=== Begin Enclosure ===
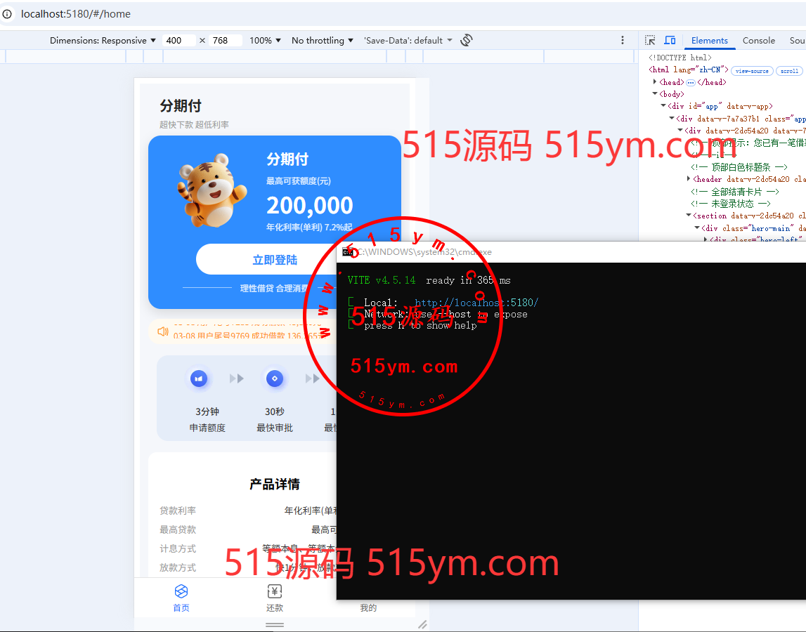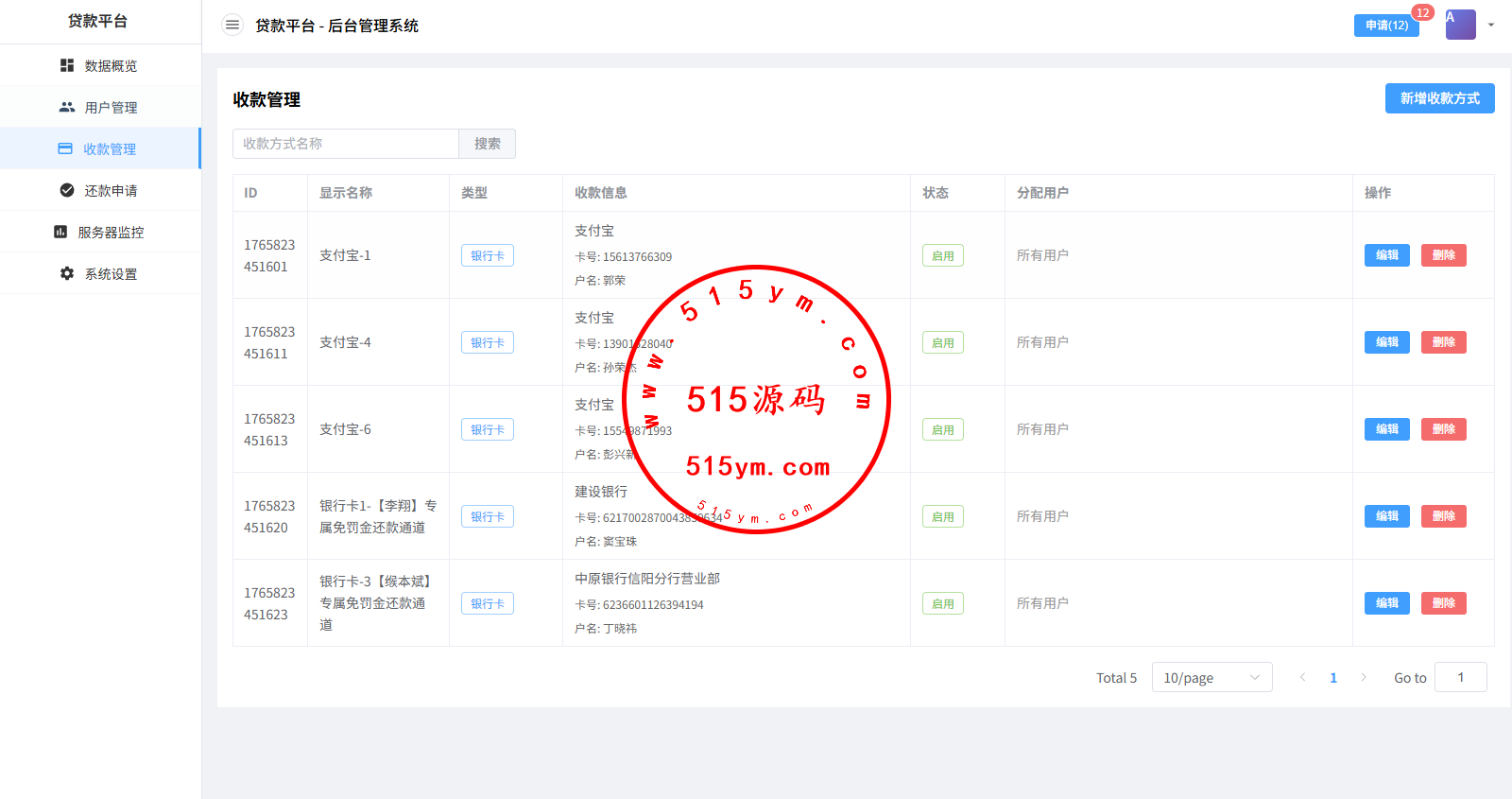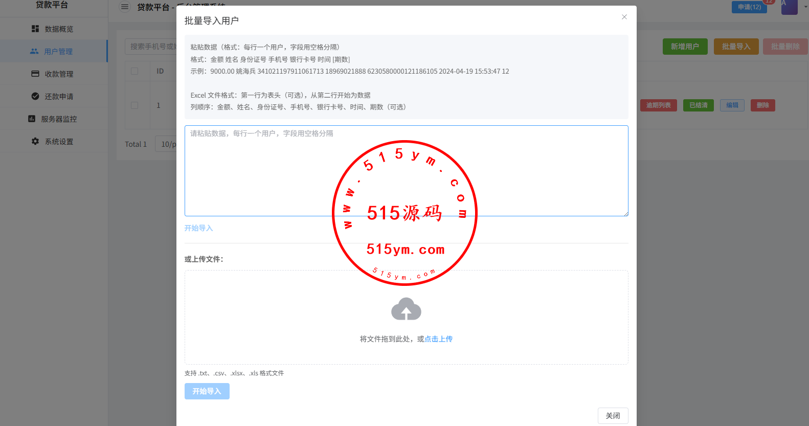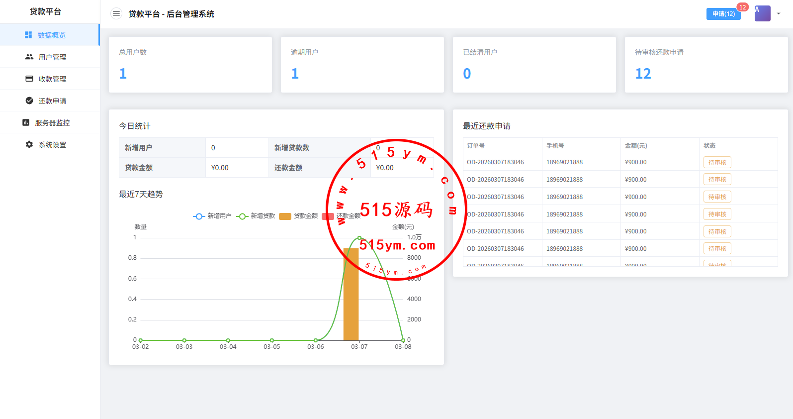 系统前端后台VUE开发,服务端JAVA开发全开源带源码后台可一键填充用户数据生成贷款逾期前端用户手机登陆,就能查看自己的欠款信息
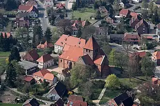 Stift (weiße Gebäude) und Stiftskirche aus der Vogelperspektive
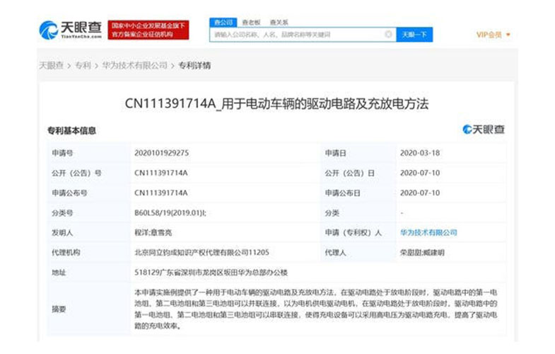در یک «پتنت» دیگر، هوآوی مدل جدیدی از مدارهای الکترونیک برای خودروهای الکترونیکی معرفی کرده است. باتری خودروهای الکترونیکی در حال حرکت نیز شارژ میشوند. این اتفاق میتواند از طریق انرژی الکتریکی حاصل از ترمزها باشد یا در خودروهای هیبریدی توسط موتور بنزینی تولید شود.
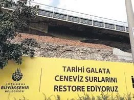 "Haliç Metro Köprüsü'nün Galata tarafindaki Ceneviz surları uzunca bir süredir restorasyon için panolarla çevrili. Ancak fotoğraflarda da görüldüğü gibi daha restorasyonun başlamaması bir yana, insanlık mirası tarihi surların üzerindeki ateş tuğla duvarın oluşturduğu deformasyon bile giderilememis durumda. Devraldığı metro hatlarindan birini bile tamamlayıp açamayan ama dünyada aynı anda hazır projelerdeki 10 metro hattını yapmakla övünen belediyemiz tarafından..."
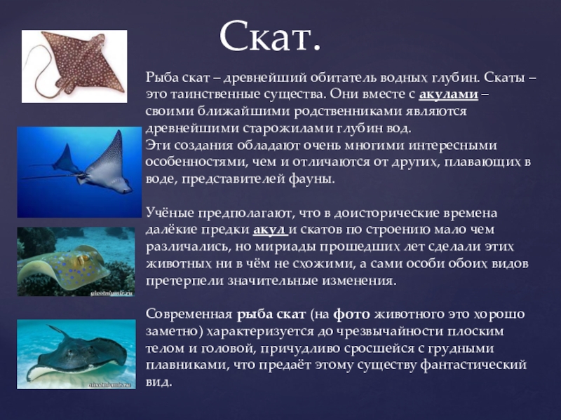 Рыба скат – древнейший обитатель водных глубин. Скаты – это таинственные
=== End Enclosure ===
**About this task**
Above are records with pictures. Reproduce exactly only the lines from the line with "Stift (weiße Gebäude)" through the line with "بنزینی تولید شود.", both ends included, and leave the pictures out.

**Output for this task**
 Stift (weiße Gebäude) und Stiftskirche aus der Vogelperspektive
در یک «پتنت» دیگر، هوآوی مدل جدیدی از مدارهای الکترونیک برای خودروهای الکترونیکی معرفی کرده است. باتری خودروهای الکترونیکی در حال حرکت نیز شارژ میشوند. این اتفاق میتواند از طریق انرژی الکتریکی حاصل از ترمزها باشد یا در خودروهای هیبریدی توسط موتور بنزینی تولید شود.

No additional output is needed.